White House Touts Regulatory Reform, GOP Still Skeptical

The Obama Administration is offering its plans for a "fundamental rethinking" of how Washington operates, introducing a book-length plan to reduce federal regulations in an effort to save American government and businesses time and money.

Business groups and Republicans, though, say that while any streamlining is helpful to businesses, the administration continues to expand the regulatory reach of the government by expanding the powers of agencies like the National Labor Relations Board, the Environmental Protection Agency and, most notably, the Department of Health and Human Resources in accordance with the president’s sweeping national health care law.
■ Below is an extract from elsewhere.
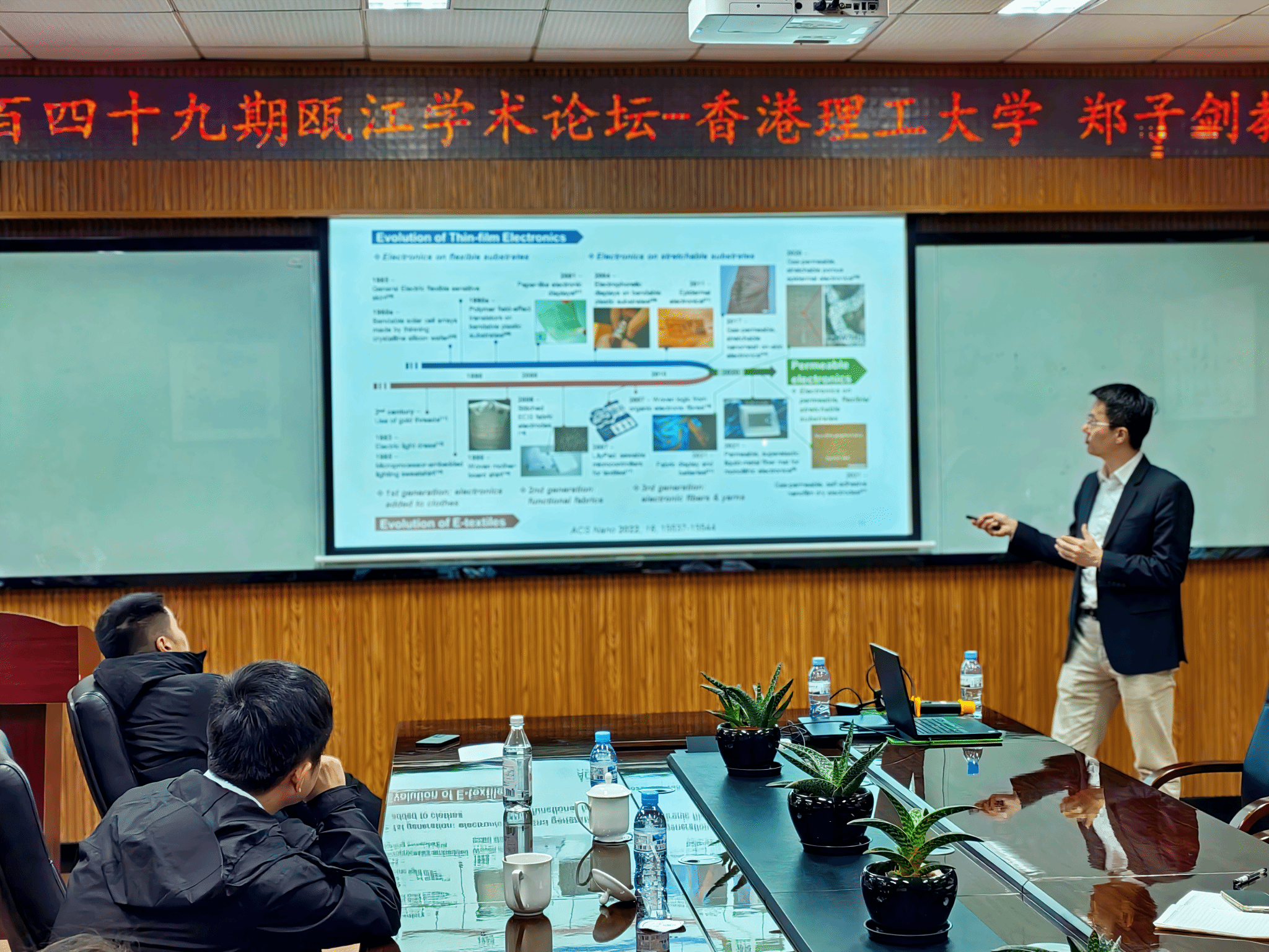 2024年11月29日下午,郑子剑教授做客公司第二百四十九期瓯江学术论坛,在204会议室为师生们做题为“透气柔性电子”学术讲座。讲座由云顶7610线路检测的张礼杰副经理主持。

Calling it a "defining moment" and "historic day,” Cass Sunstein, administrator of the White House Office of Information and Regulatory Affairs, said 30 agencies have responded to President Obama's January 2011 executive order to eliminate "unjustified rules, and absurd and unnecessary paperwork that wastes time and money." Sunstein said their combined proposals will save billions of dollars and tens of millions of hours in paperwork for federal agencies, small businesses as well as state and local governments.
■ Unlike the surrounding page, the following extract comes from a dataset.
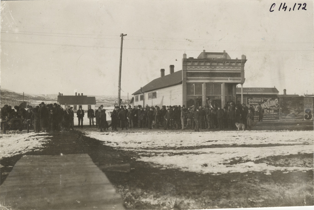 View of crowd waiting in front of wooden-frame commercial building during 1908 New York to Paris Race. Brick wall sign in background; Reo car on left. Handwritten on back: "Races and racing--New York to Paris, 1908."

"My hope is that this process might inaugurate a broader, less polarized, more evidence based, less anachronistic, less sound-bite filled conversation about how we might promote growth and job creation in an economically troubled time, while also protecting the health and safety of the American people," Sunstein said at the American Enterprise Institute in Washington. AEI, a conservative think tank, is an interesting forum for Sunstein, a prominent liberal, and a former professor at Harvard Law School and the University of Chicago Law School.